● Directions
Among the lines below, restate word for word only those from the line with "El expresidente y" through the line with "RELACIONADOS: FARC |", with both end lines kept.

● Material for the task

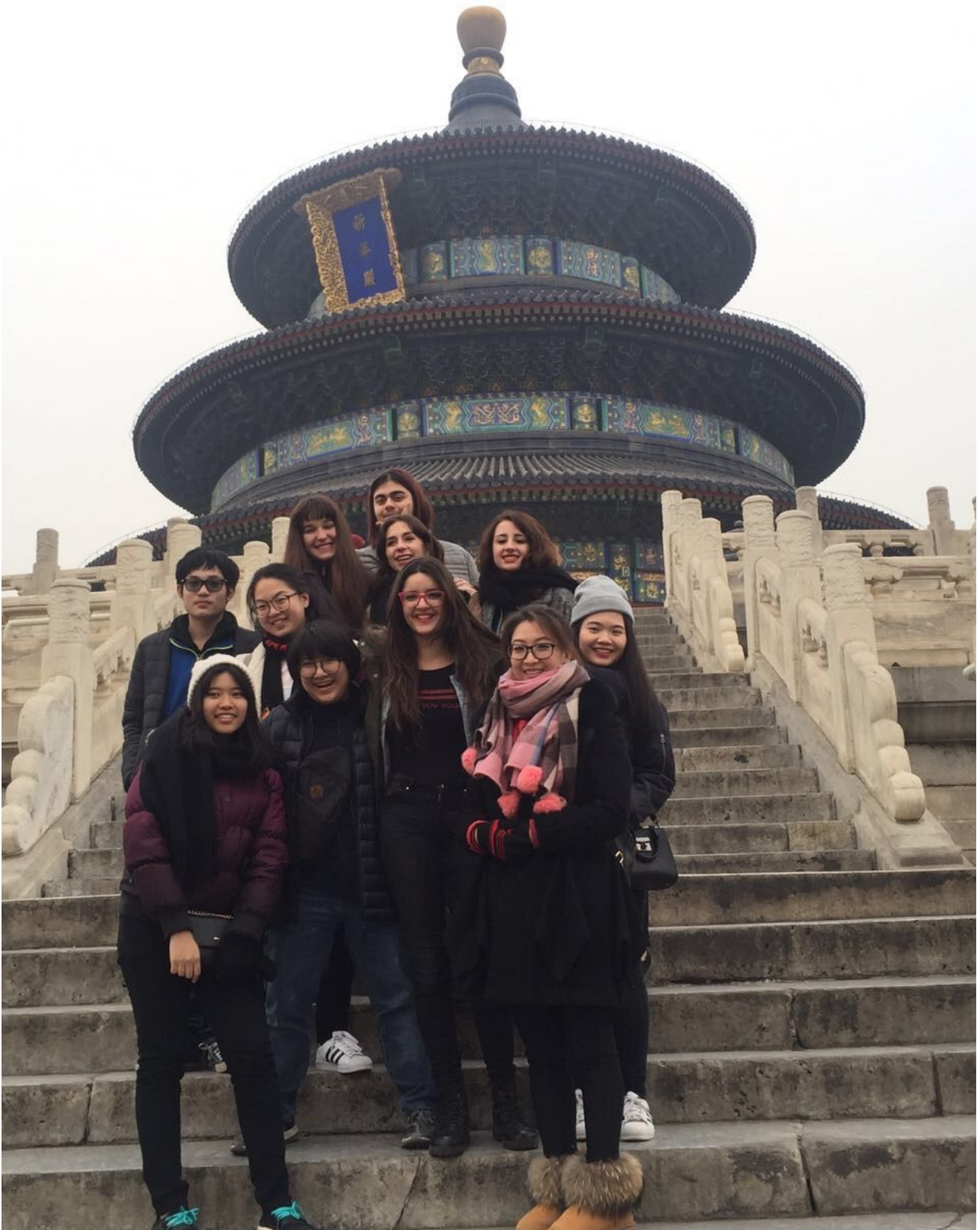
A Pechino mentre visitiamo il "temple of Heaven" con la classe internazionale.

==

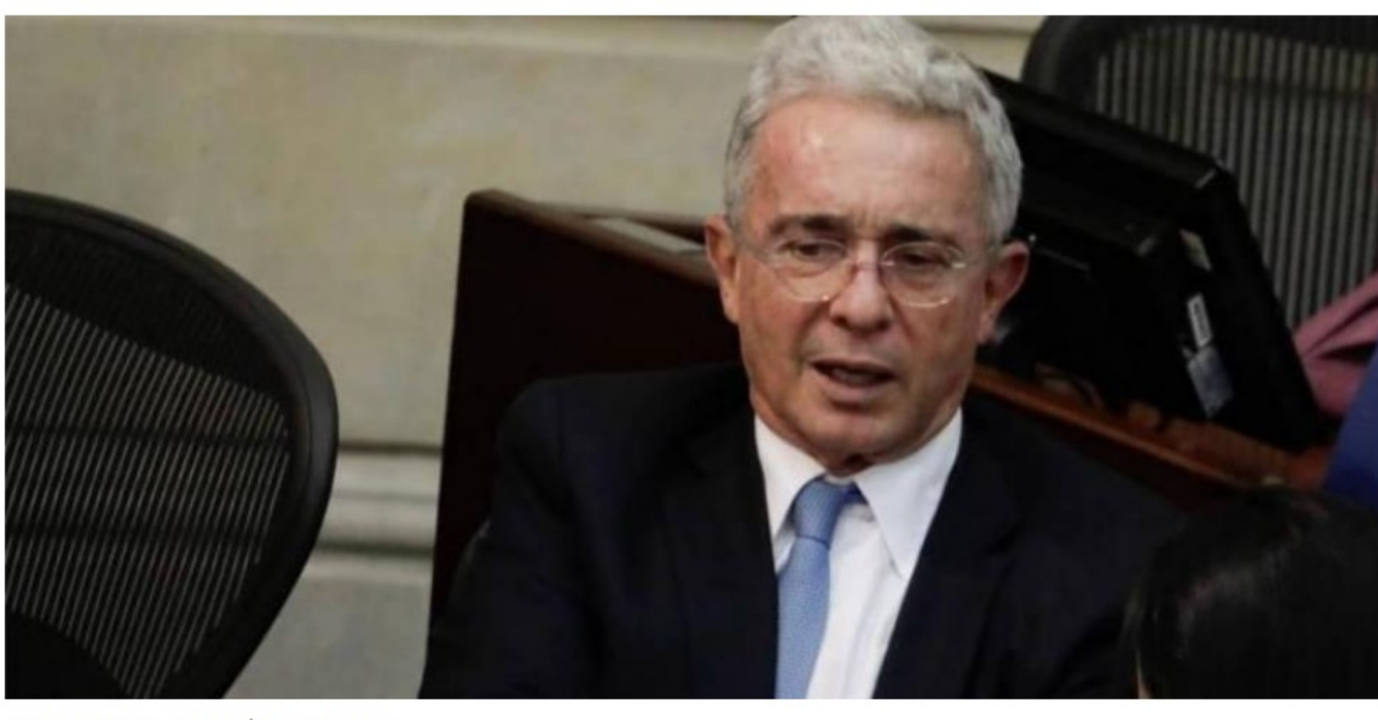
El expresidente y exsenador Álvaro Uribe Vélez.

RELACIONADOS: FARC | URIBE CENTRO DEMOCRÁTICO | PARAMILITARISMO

● Answer
El expresidente y exsenador Álvaro Uribe Vélez.

RELACIONADOS: FARC | URIBE CENTRO DEMOCRÁTICO | PARAMILITARISMO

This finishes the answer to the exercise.